Here are some examples of Antagonism:
1. Soy protein inhibits the absorption of iron. Therefore, the effects
of taking both supplements simultaneously may negate the effects of
taking the iron supplement in the first place.
2. Normal levels of calcium supplements that are taken concurrently
with an iron-rich meal or an iron supplement can inhibit iron
absorption. Therefore, the use of calcium supplements may hinder iron
absorption/status if the two are taken together.
3. Increasing the intake of magnesium may also reduce phosphate
absorption. Magnesium intake exceeding 500 mg/day can negatively
affect the balance of phosphate. Therefore, taking a magnesium
supplement may interfere with the desired effect(s) of a phosphate
supplement.
4. Excess chromium has been suggested as a factor in impairing iron
transport ability. Therefore, taking a chromium supplement may
interfere with the desired effect(s) of an iron supplement. This may
carry over to a decline in aerobic capacity or fitness. Avoid taking
chromium and iron supplements together.
5. Excessive iron intake may interfere with the absorption of zinc.
Therefore, taking an iron supplement may counteract the desired
effect(s) of taking a zinc supplement at the same time.
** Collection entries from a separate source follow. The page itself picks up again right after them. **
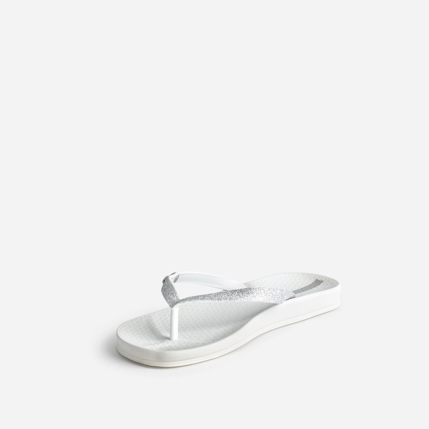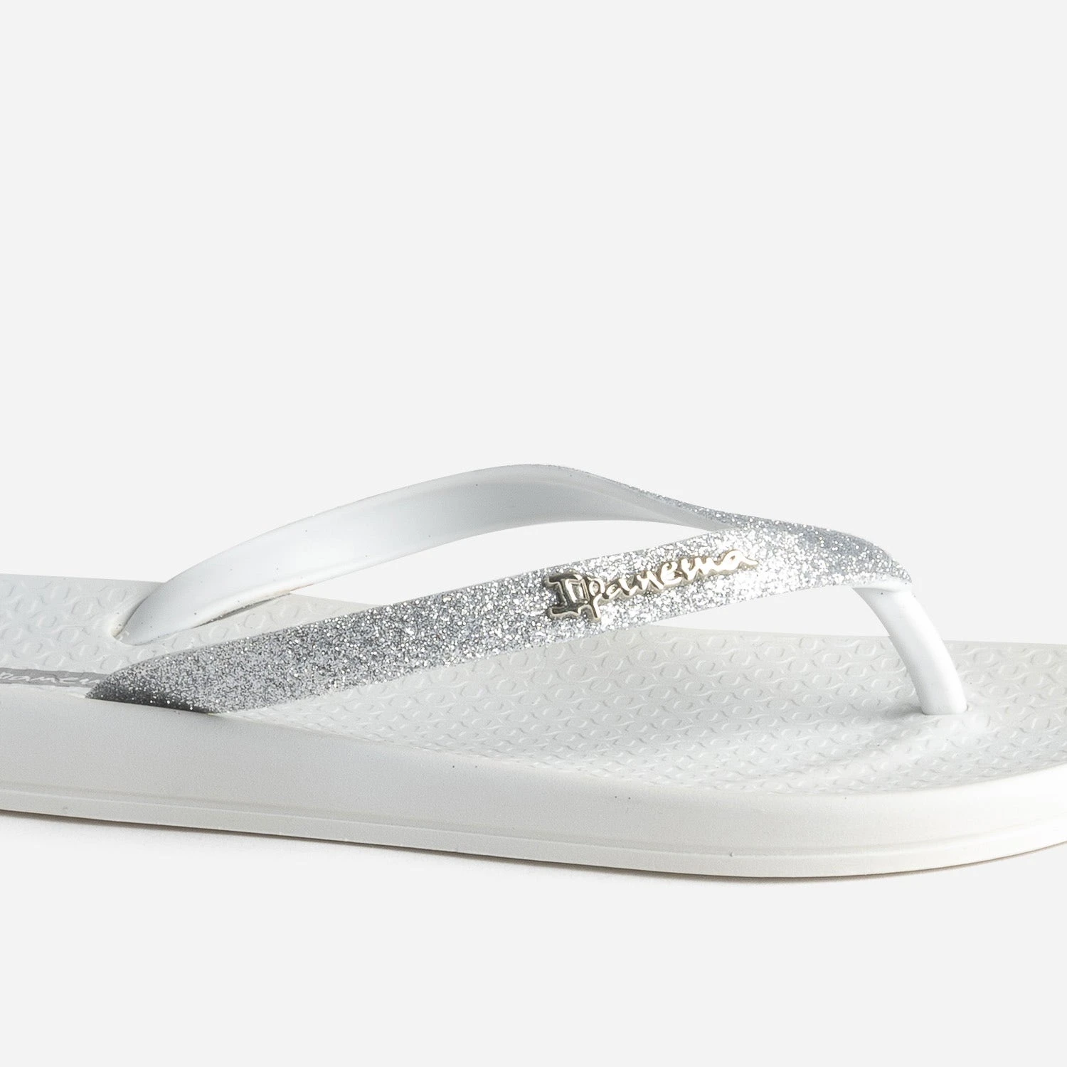 Cette tong pour femme se décline en coloris gris clair, assez neutre. Son atout ? Des brides pailletées argentées. Un modèle parfait pour un twist fun et chic, avec toutes les tenues d’été.
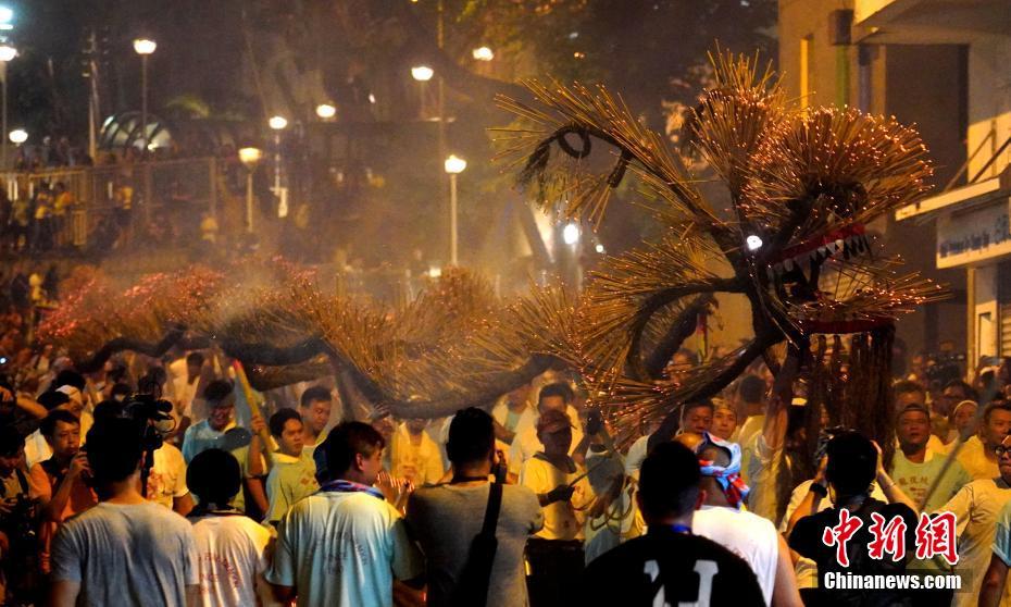 9月12日晚,中秋佳节前夕,香港独特的中秋传统民俗活动“大坑舞火龙”在大坑上演。在锣鼓声中,大坑村民舞动着火龙在街道上穿梭,平常宁静的小巷热闹非凡,火光闪烁,吸引众多市民和游客观看。“大坑舞火龙”已被列为国家级非物质文化遗产。中新社记者 张炜 摄
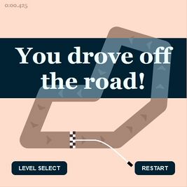 After selecting a level from the over world, the game allows 1 chance to go back to the hub immediately. If the car moves, that chance disappears and the timer appears. Hold the mouse buttons to make the car move toward the cursor. The timer only starts when the car hits the finish line at first.
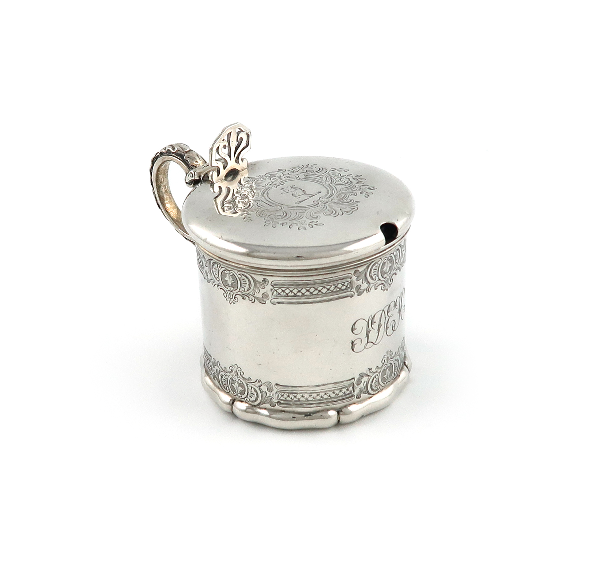 circular form, the sides with chased borders of foliate cartouches between quilted bands and engraved with initials, leaf-capped scroll handle with a pierced foliate scroll thumbpiece, the hinged cover with a crest within foliate mantling, moulded spread foot, blue glass liner, diameter 6.8cm, approx. weighable 4.8oz.
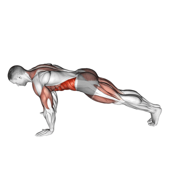 Directly targets obliques with isometric hold. As fat decreases, definition appears.
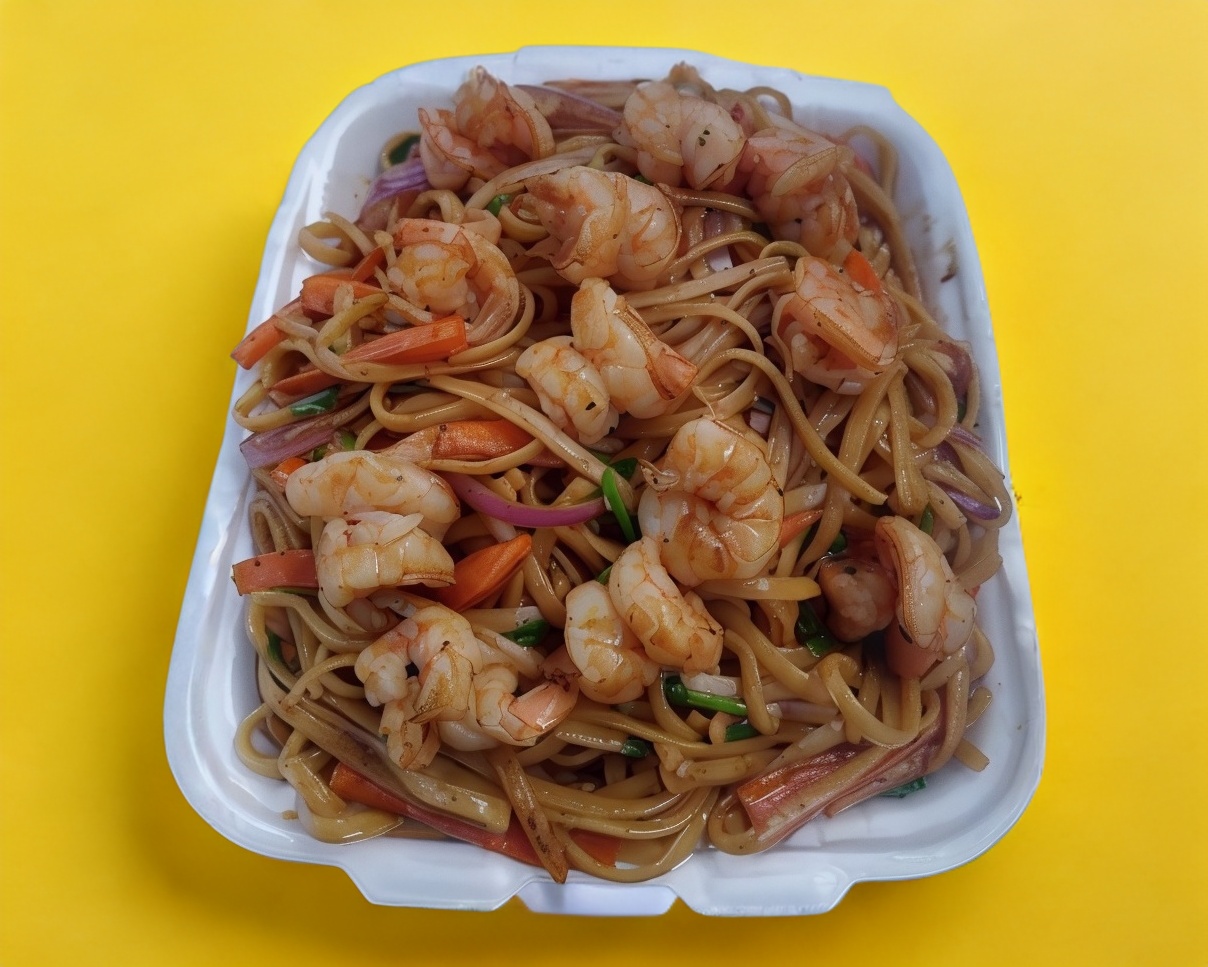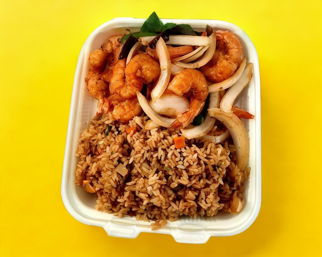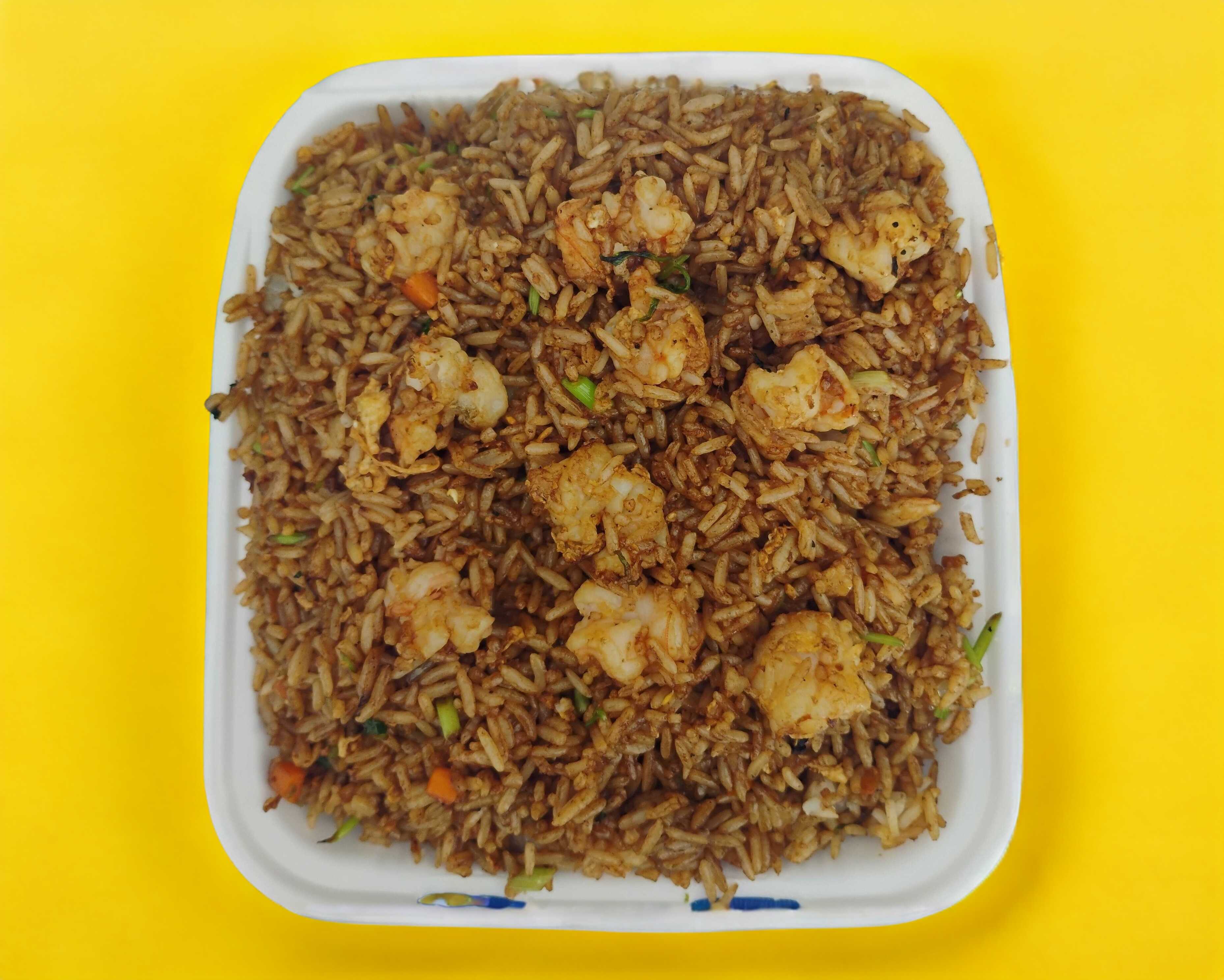 500 Gr de Arroz con verdura salteado con Camarones y salsa soya

6. Zinc can inhibit the absorption of other minerals, especially
copper. Chronic (>6 weeks) consumption of zinc supplements, in excess
of 50 mg/ day, has been linked to copper deficiency in humans. If
feasible, ingest zinc at night, on an empty stomach to prevent it from
interfering. Copper intake should be increased if elevated zinc
consumption lasts for a number of days.
7. Fiber can interfere with zinc absorption. Although nuts, legumes
and whole grains are good sources, the high level of fiber in these
foods can decrease zinc absorption. Therefore, avoid taking fiber and
zinc supplements together.
Synergism: 1+1=3
Synergism is the joint action of two parts so that their combined
effect is greater than the algebraic sum of their individual effects.
Most consumers would view this as a positive effect. More bang for the
buck. However, the fact that something is good does not guarantee
that more is better. In fact, when the supplement is more
eccentric, such as one that proposes to boost the body’s natural
production of testosterone, the effects may be unwanted, and in some
cases, detrimental.
Here are some examples of Synergism:
1. Vitamin C enhances the absorption of iron by preventing the
oxidation of ferrous iron to the less absorbable ferric form.
Therefore, taking a vitamin C supplement together with an iron
supplement may enhance the function of iron. Ingest iron between meals
with good sources of Vitamin C (orange juice, strawberries, tomatoes)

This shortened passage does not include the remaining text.